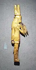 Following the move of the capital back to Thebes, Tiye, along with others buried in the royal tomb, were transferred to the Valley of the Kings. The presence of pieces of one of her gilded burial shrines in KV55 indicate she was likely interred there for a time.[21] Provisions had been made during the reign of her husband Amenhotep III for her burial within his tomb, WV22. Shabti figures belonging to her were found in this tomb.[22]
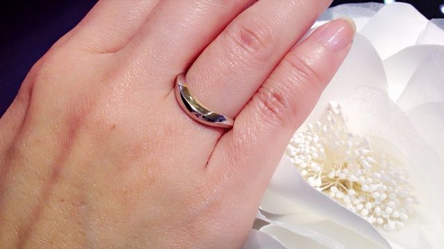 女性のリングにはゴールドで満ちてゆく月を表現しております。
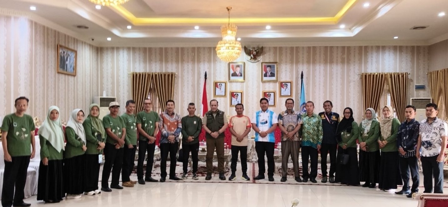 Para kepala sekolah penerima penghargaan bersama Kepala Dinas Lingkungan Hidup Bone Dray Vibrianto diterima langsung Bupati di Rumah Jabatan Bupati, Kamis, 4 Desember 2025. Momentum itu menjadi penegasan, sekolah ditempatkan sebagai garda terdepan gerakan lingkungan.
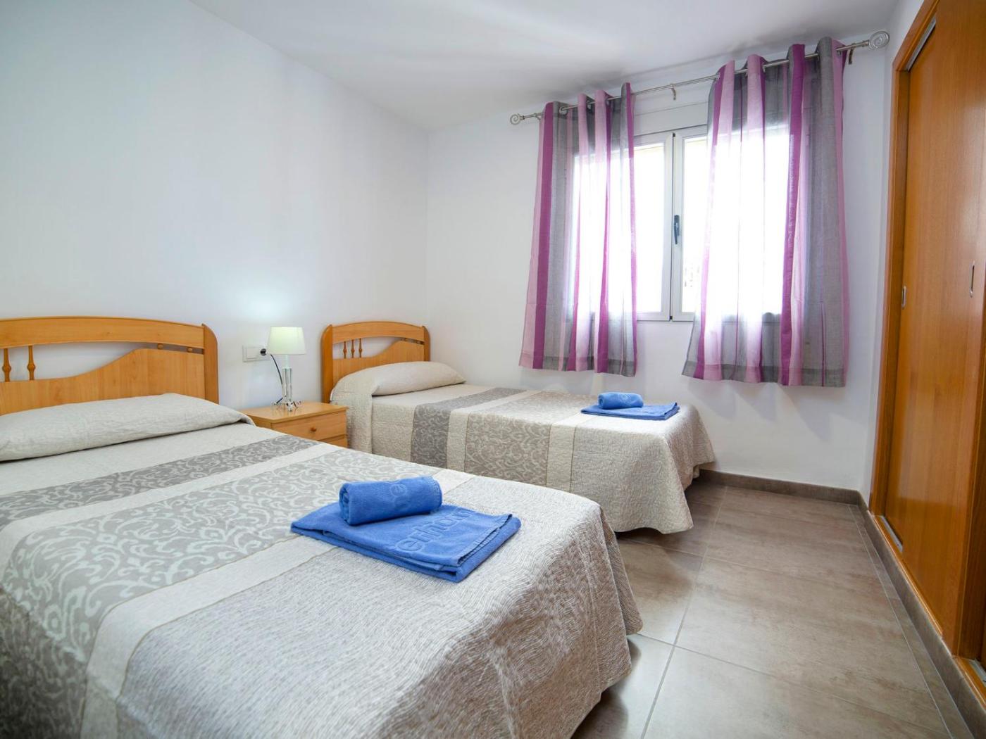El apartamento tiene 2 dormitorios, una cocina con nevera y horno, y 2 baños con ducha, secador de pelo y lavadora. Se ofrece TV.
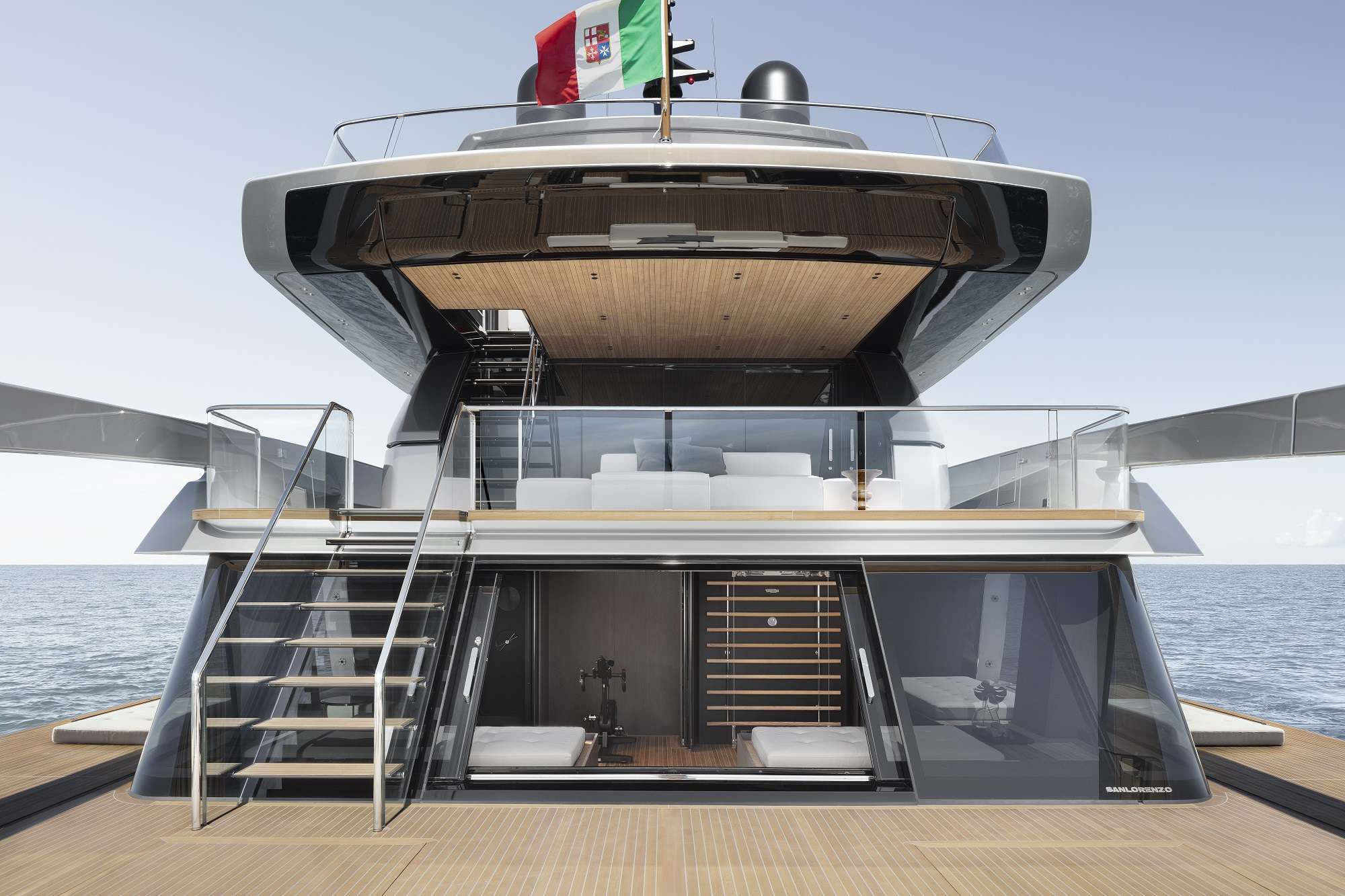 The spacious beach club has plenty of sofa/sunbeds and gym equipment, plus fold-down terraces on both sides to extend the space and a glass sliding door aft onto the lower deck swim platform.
::::::
EXERCISE DIRECTIONS
Return the data exactly. Pictures stay out.

RESPONSE FOR THIS EXERCISE
 Following the move of the capital back to Thebes, Tiye, along with others buried in the royal tomb, were transferred to the Valley of the Kings. The presence of pieces of one of her gilded burial shrines in KV55 indicate she was likely interred there for a time.[21] Provisions had been made during the reign of her husband Amenhotep III for her burial within his tomb, WV22. Shabti figures belonging to her were found in this tomb.[22]
 女性のリングにはゴールドで満ちてゆく月を表現しております。
 Para kepala sekolah penerima penghargaan bersama Kepala Dinas Lingkungan Hidup Bone Dray Vibrianto diterima langsung Bupati di Rumah Jabatan Bupati, Kamis, 4 Desember 2025. Momentum itu menjadi penegasan, sekolah ditempatkan sebagai garda terdepan gerakan lingkungan.
El apartamento tiene 2 dormitorios, una cocina con nevera y horno, y 2 baños con ducha, secador de pelo y lavadora. Se ofrece TV.
 The spacious beach club has plenty of sofa/sunbeds and gym equipment, plus fold-down terraces on both sides to extend the space and a glass sliding door aft onto the lower deck swim platform.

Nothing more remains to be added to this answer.